Intervention de Bernard Frimat

Réunion du 12 novembre 2007 à 15h00
Polynésie française — Article 20, amendement 59

Photo de Bernard FrimatBernard Frimat :

Nous arrivons pratiquement au terme de l'examen de ce projet de loi organique, mais cet article est le plus contestable de tous à nos yeux.

Une loi organique est automatiquement soumise au Conseil constitutionnel, et je me sens obligé, afin que cela figure au procès-verbal, de faire quelques considérations sur la proposition du Gouvernement.

Première considération, l'abréviation du mandat de l'assemblée de la Polynésie française par le Parlement est une grave remise en cause du suffrage universel, et rien ne vient la justifier.

Par définition, il s'agit d'un mandat en cours. Dans le cas précédent, il ne s'agissait que de quelques mois et l'intérêt général était patent, ce qui n'est pas le cas aujourd'hui avec cette réduction de seize mois !

Deuxième considération, les modalités retenues par le projet de loi ne sont pas, manifestement, appropriées à l'objectif fixé, et l'intérêt général peut difficilement être mis en avant.

Nous savons bien que le Conseil constitutionnel a l'habitude de considérer qu'il ne lui appartient pas de juger des voies pour atteindre l'objectif fixé, même si elles ne sont pas optimales - ce qui est le cas aujourd'hui -, dès lors qu'elles ne sont pas inappropriées par rapport à l'objectif. Or, en l'espèce, elles nous semblent inappropriées.

Troisième considération, une abréviation du mandat dans les conditions prévues par cet article peut être perçue comme affectant les conditions d'exercice de la libre administration des collectivités territoriales.

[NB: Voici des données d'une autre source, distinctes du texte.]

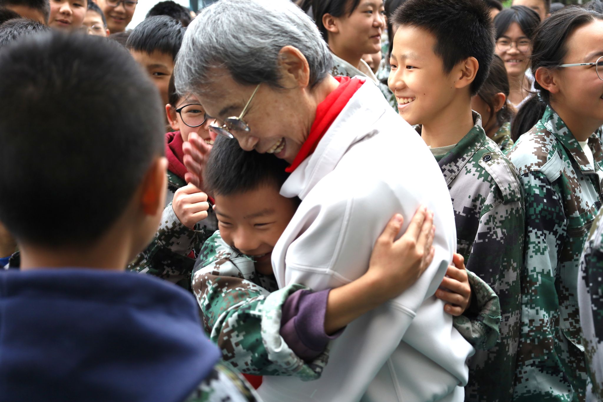聘任仪式结束后,同学们自发簇拥在两位教授周围,吴本立教授和杨志教授与同学们一个个热情拥抱,这发自内心的亲近与敬爱,让跨越岁月的红色火种,在温暖的怀抱中,悄然传递、蓬勃生长。
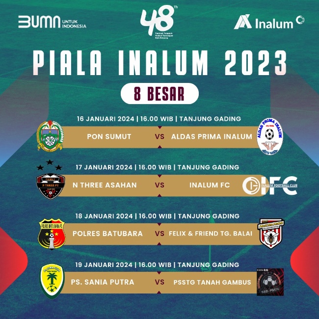 Kedelapan Tim merupakan tim-tim yang telah lolos dari Fase Grup yang telah dilakukan sejak 18 Desember 2023 hingga 30 Desember 2023. Piala INALUM pada tahun ini diikuti oleh 12 Tim. Khusus pada tahun ini, sebanyak 6 tim berasal dari Kabupaten Batubara dan sisanya berasal dari Kabupaten/Kota di luar Batubara. Perhelatan akan dilakukan sejak 19 Desember 2023 hingga 15 Februari 2024 yang merupakan bagian dari rangkaian HUT Ke-48 INALUM. Piala INALUM menjadi jalan perusahaan dalam mewadahi minat dan bakat masyarakat dalam olahraga sepakbola. Kami berharap setiap pertandingan berjalan sportif dan menjunjung fair play
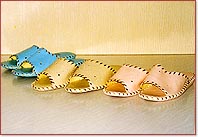 ![]() 履き心地満点の革製スリッパ |
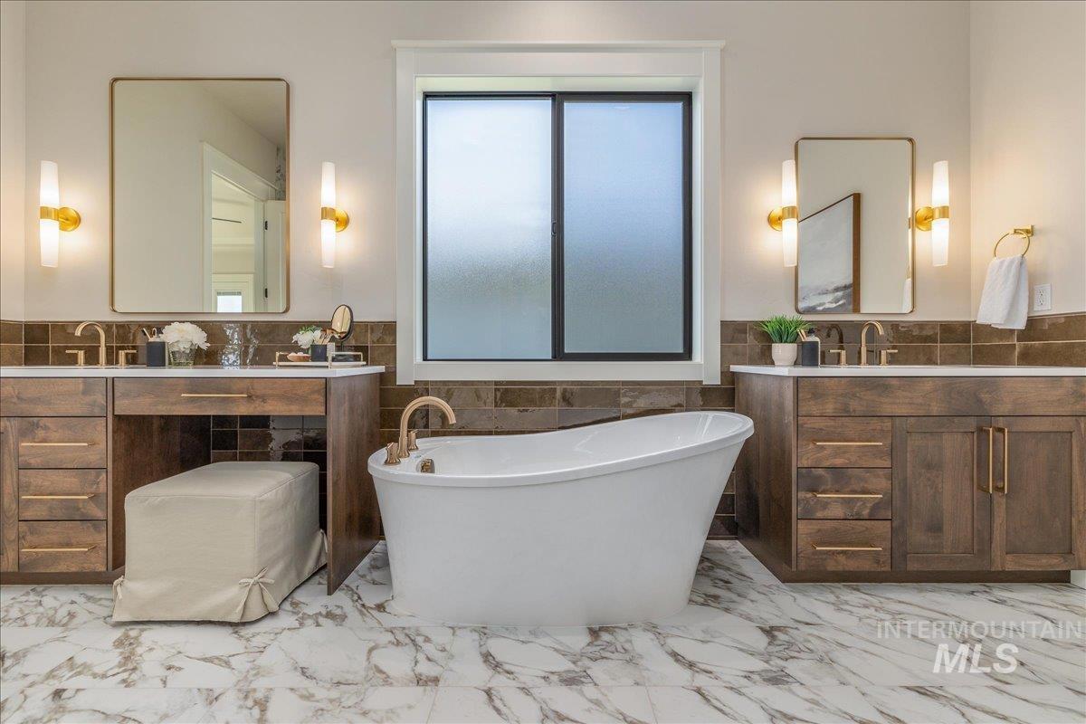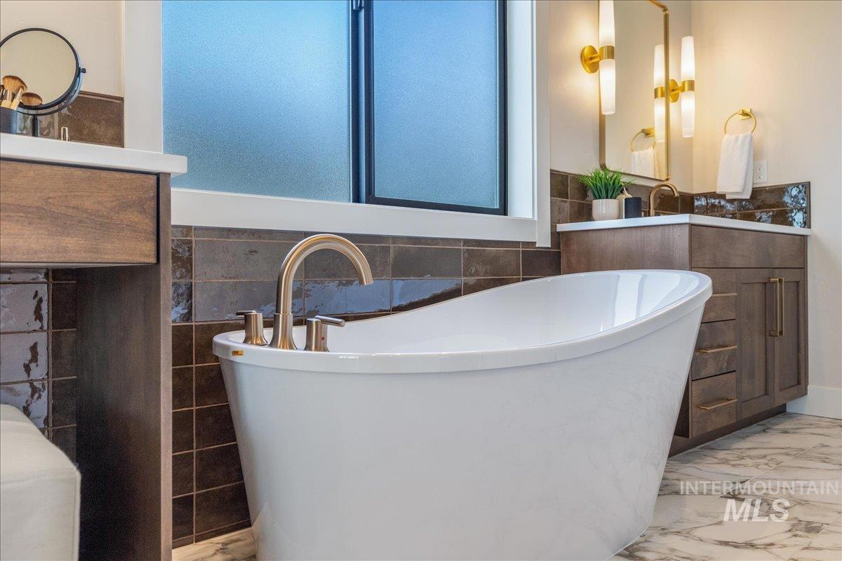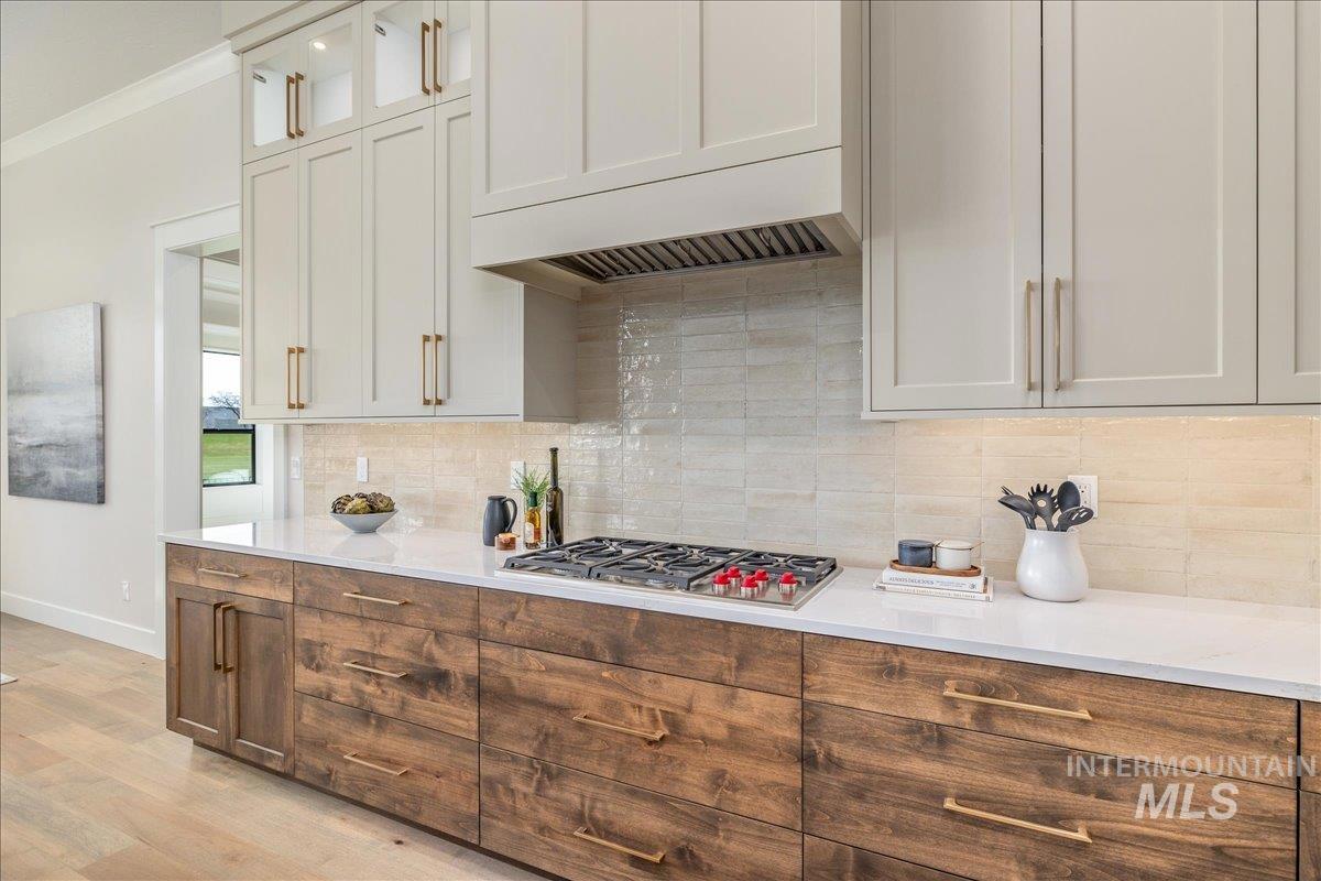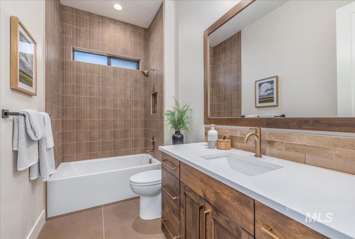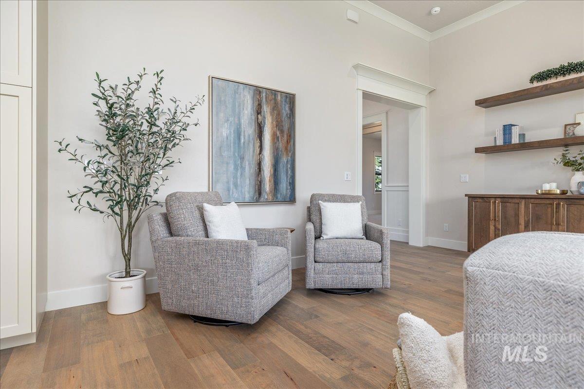 JUST FINISHED, this gorgeous single-level luxury living is in right in the heart of Meridian’s coveted Spurwing. Beautiful architectural details greet you immediately—from the inviting front courtyard to soaring ceilings illuminated by oversized, dramatic windows. Inside, thoughtful design meets everyday comfort with secondary en-suite bedrooms and a spacious bonus/media room, creating an ideal private wing for guests or multigenerational living. The chef’s kitchen is a true showpiece, featuring an expansive quartz island, WOLF® and SUBZERO® appliances, double ovens, a gas range, custom ceiling-height cabinetry, and abundant counter space. The great room offers a seamless place to gather, anchored by a beautiful gas fireplace & elevated by Todd Campbell Custom Homes’ signature trim work, moldings, and wood-wrapped windows. Retreat to the secluded primary suite, a calming oasis complete with a spa-inspired ensuite bath boasting a soaking tub, dual vanities, makeup vanity, & a beautifully tiled walk-in shower. Car enthusiasts and hobbyists will love the fully finished and insulated 1,272 SF RV garage, complete with a 12-ft door and epoxy flooring. Situated on nearly a quarter acre, the property comes fully landscaped and move-in ready—one of the final opportunities to own a new home in Olive Tree at Spurwing. PHOTOS ARE OF THE ACTUAL HOME.
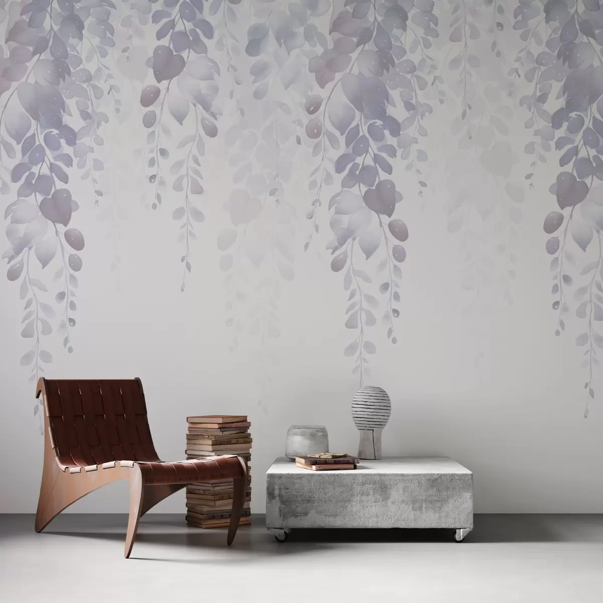 Fotomurales Ramas colgantes con hojas imitación acuarela tonos morados Nr. w02885v1
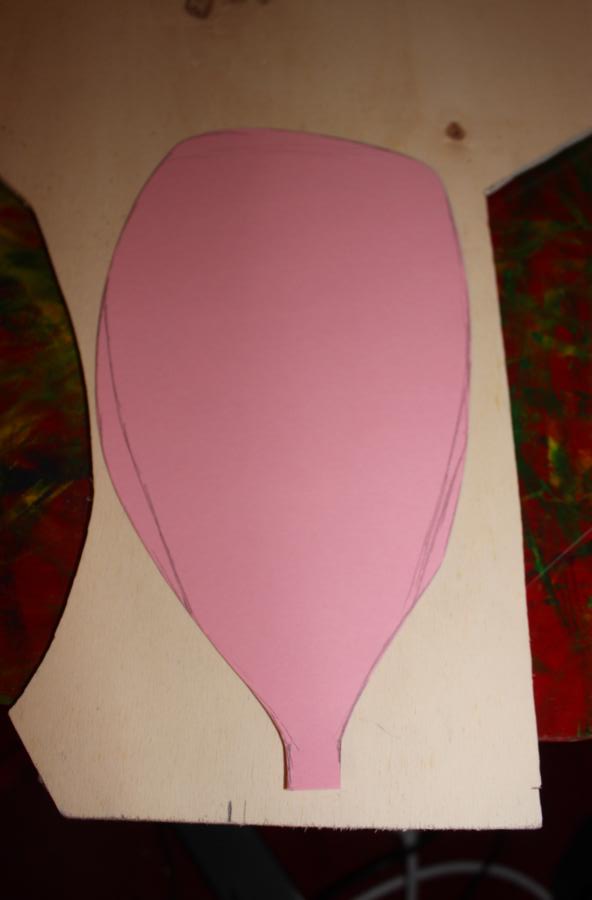Zunächst einmal malt man die Umrisse des Paddelblatts auf die Pappe. Dafür kann man Bilder von Paddeln aus Katalogen oder Zeitschriften als Vorlage nehmen. Als grobe Angabe für die Größe: das Blatt ist ca. 28 cm x 14 cm.
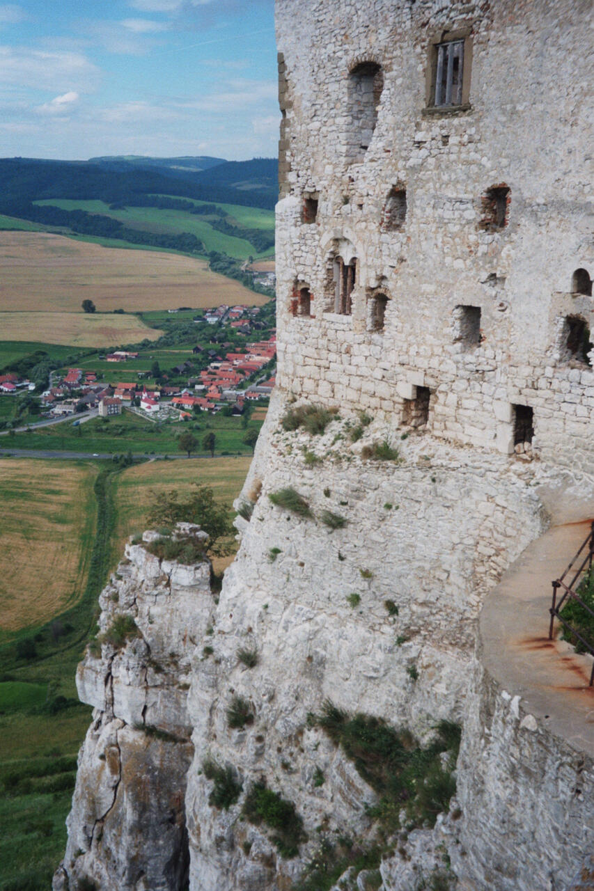 Nach einer guten Stunde Fahrzeit hatten wir dann das Städtchen Spisske Podhradie, unterhalb der Burg gelegen, erreicht. Wir wollten auf dem Parkplatz noch Brotzeit machen, ehe wir hinaufstiegen. Gerade hatten wir die mitgebrachten Salamibrote ausgepackt, als ein ziemlich abgerissener Alter herbeischlurfte und uns schüchtern um die Brote anbettelte. Sowas hatten wir auch noch nicht erlebt. Natürlich gaben wir dem armen Schlucker das Essen. Es machte uns ziemlich betroffen, als wir beobachteten mit welchem Heißhunger er sich darüber hermachte.

Elle remet donc en cause un principe constitutionnel.

Quatrième considération, la proximité des élections de l'assemblée de la Polynésie française et des élections municipales risque de porter atteinte à l'objectivité et à la sincérité des consultations.

Les élections à l'assemblée de la Polynésie française risquent en effet d'interférer sur le vote aux élections municipales, portant ainsi atteinte aux principes constitutionnels d'objectivité et de sincérité qui doivent présider à toute consultation.

La succession de ces deux élections ne peut engendrer que la confusion dans l'esprit des électeurs.

Cinquième considération, une telle précipitation ne permettra pas aux électeurs d'être correctement informés des nouvelles règles électorales. Ils ne pourront pas être précisément avertis des conséquences de leur choix. Moins de deux mois s'écouleront entre l'adoption de ces textes et les élections anticipées.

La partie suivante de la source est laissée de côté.